→ Activity
Output only the lines of the entries that follow, starting at the one with "امنح مساحتك لمسة" and running down to the one with "4963361. 0.82CT TRANSITIONAL", both included and unchanged.

→ Supplied data
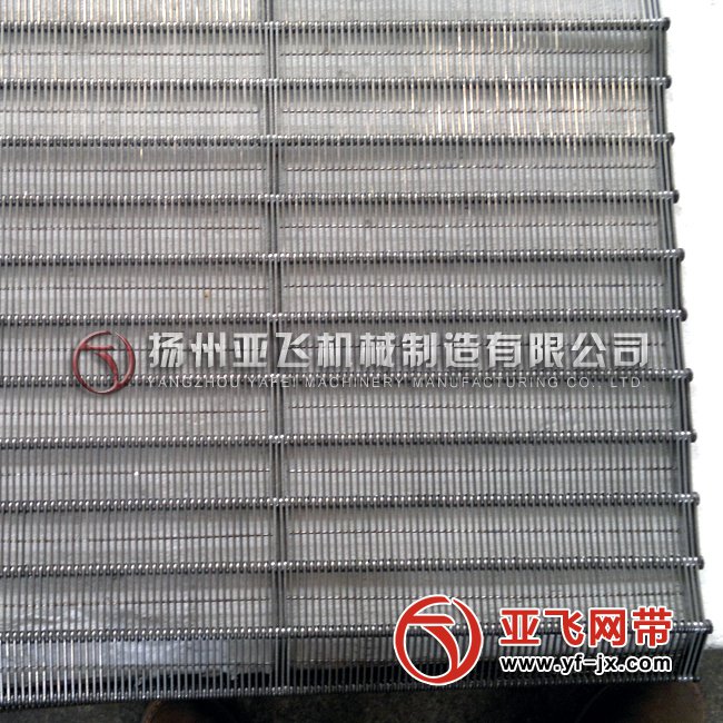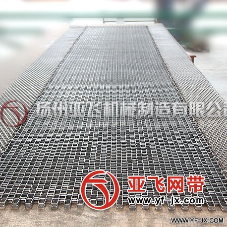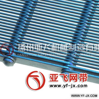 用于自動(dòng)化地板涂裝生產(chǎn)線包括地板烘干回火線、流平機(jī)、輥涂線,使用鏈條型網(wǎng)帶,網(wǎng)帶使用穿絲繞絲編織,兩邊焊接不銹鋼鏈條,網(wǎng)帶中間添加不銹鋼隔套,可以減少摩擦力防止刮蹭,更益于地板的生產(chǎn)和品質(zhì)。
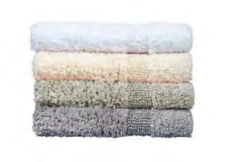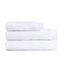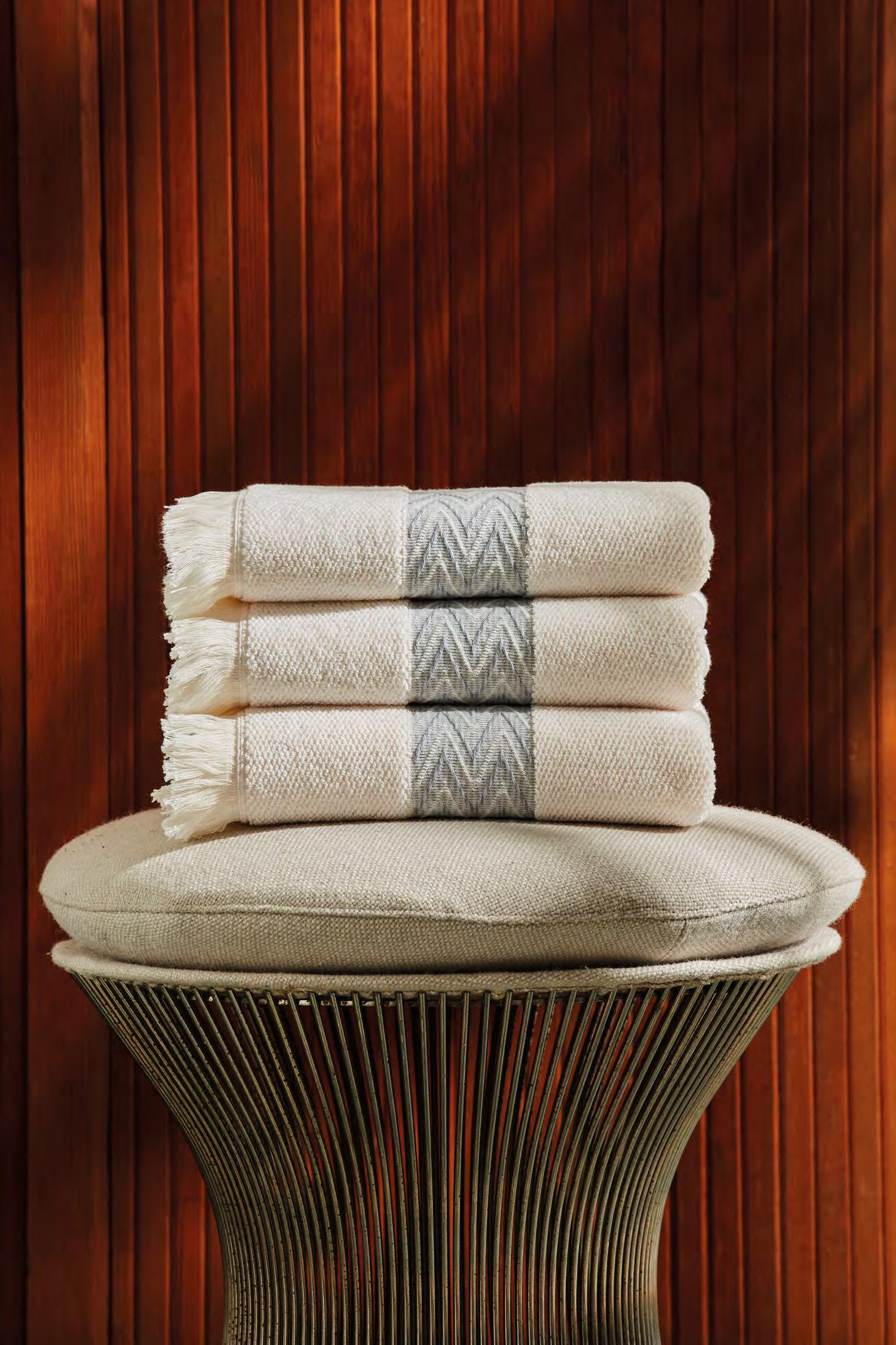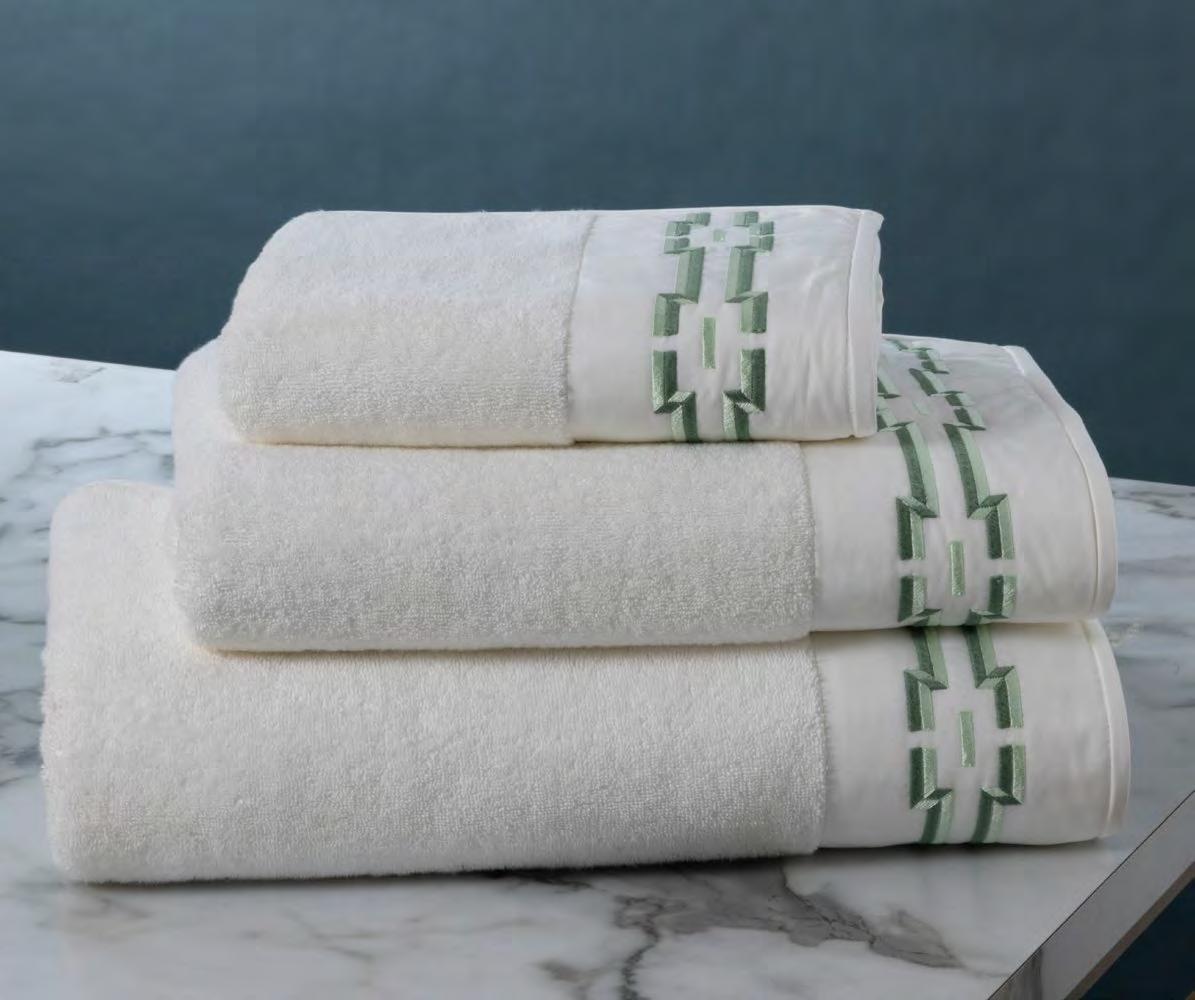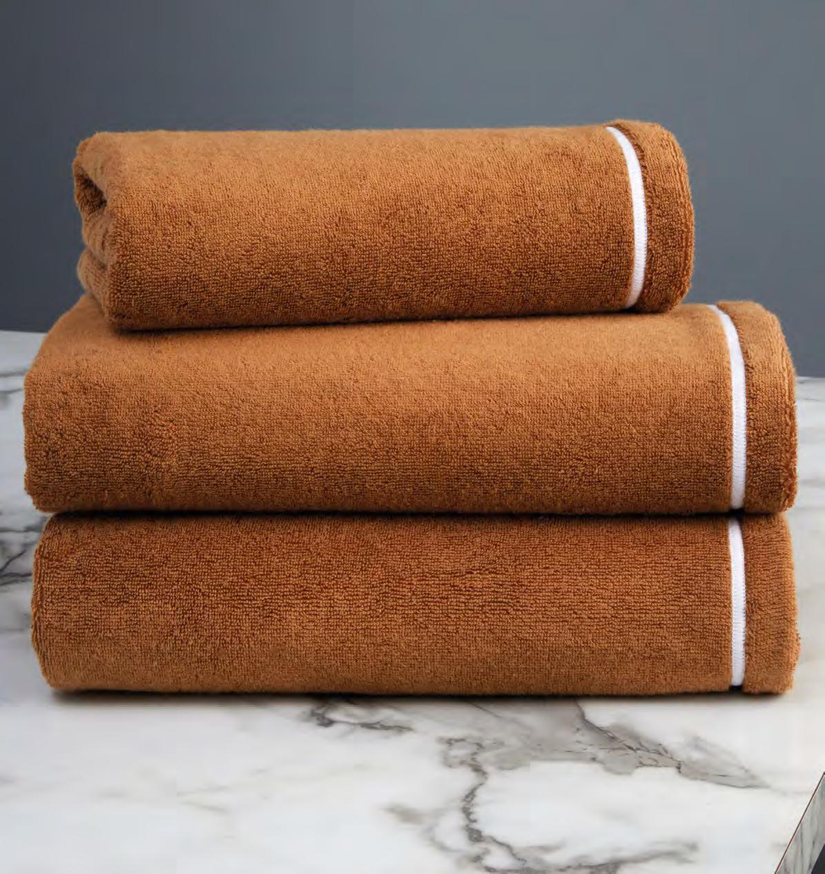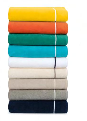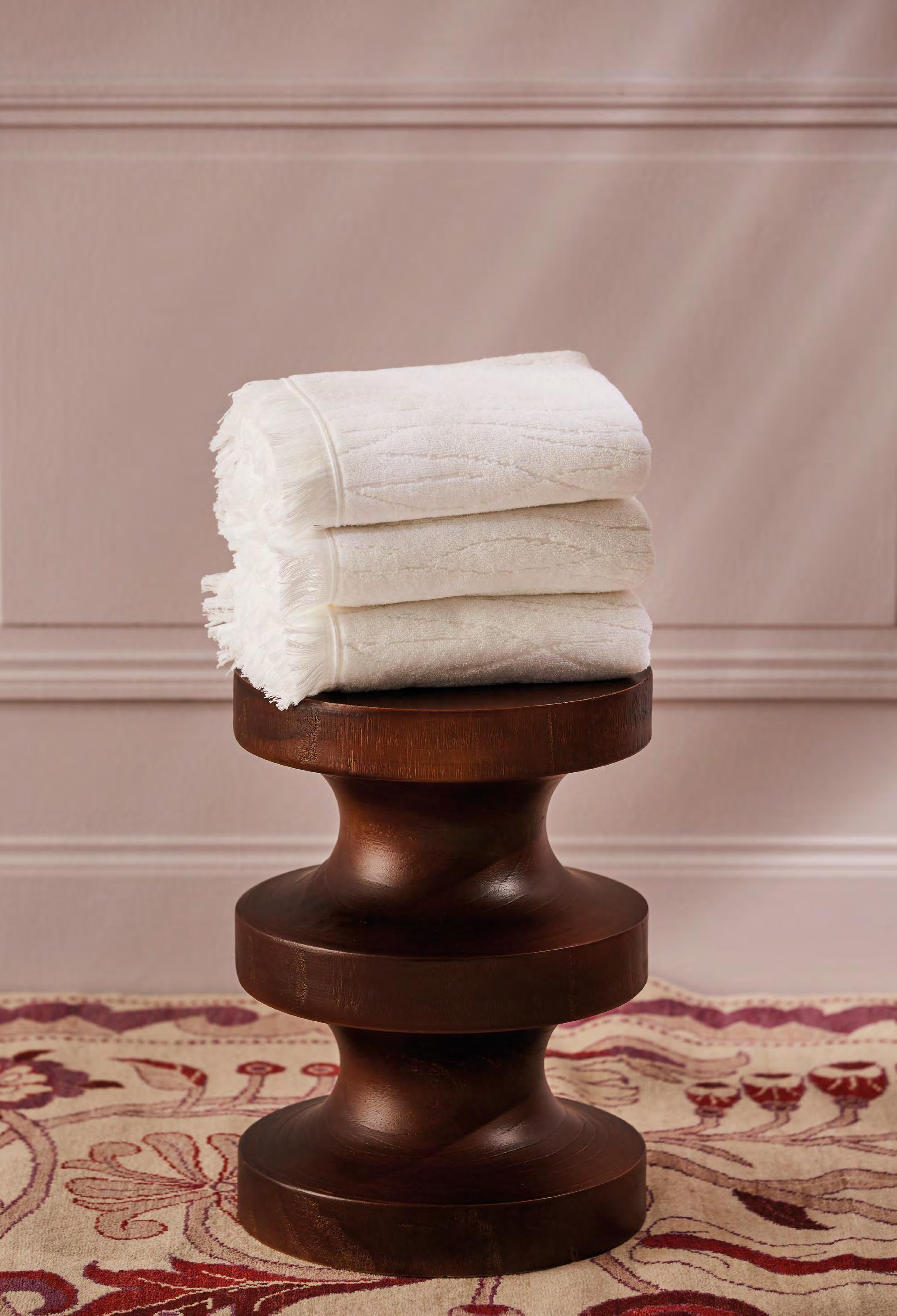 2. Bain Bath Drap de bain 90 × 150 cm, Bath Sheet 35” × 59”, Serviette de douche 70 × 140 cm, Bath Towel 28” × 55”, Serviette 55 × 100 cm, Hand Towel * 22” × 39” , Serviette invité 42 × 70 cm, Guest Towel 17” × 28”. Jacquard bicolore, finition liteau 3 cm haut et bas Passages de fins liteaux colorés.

...

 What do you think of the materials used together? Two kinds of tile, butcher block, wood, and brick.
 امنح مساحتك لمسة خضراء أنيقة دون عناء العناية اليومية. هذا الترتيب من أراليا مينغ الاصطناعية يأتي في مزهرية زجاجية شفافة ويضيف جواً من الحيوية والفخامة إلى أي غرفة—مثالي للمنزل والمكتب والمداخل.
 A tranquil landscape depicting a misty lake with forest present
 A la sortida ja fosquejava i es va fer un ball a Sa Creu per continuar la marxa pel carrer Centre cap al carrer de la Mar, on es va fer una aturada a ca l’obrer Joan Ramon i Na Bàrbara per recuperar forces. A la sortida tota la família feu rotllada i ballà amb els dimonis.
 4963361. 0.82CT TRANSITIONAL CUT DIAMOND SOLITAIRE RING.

→ Exercise output
 امنح مساحتك لمسة خضراء أنيقة دون عناء العناية اليومية. هذا الترتيب من أراليا مينغ الاصطناعية يأتي في مزهرية زجاجية شفافة ويضيف جواً من الحيوية والفخامة إلى أي غرفة—مثالي للمنزل والمكتب والمداخل.
 A tranquil landscape depicting a misty lake with forest present
 A la sortida ja fosquejava i es va fer un ball a Sa Creu per continuar la marxa pel carrer Centre cap al carrer de la Mar, on es va fer una aturada a ca l’obrer Joan Ramon i Na Bàrbara per recuperar forces. A la sortida tota la família feu rotllada i ballà amb els dimonis.
 4963361. 0.82CT TRANSITIONAL CUT DIAMOND SOLITAIRE RING.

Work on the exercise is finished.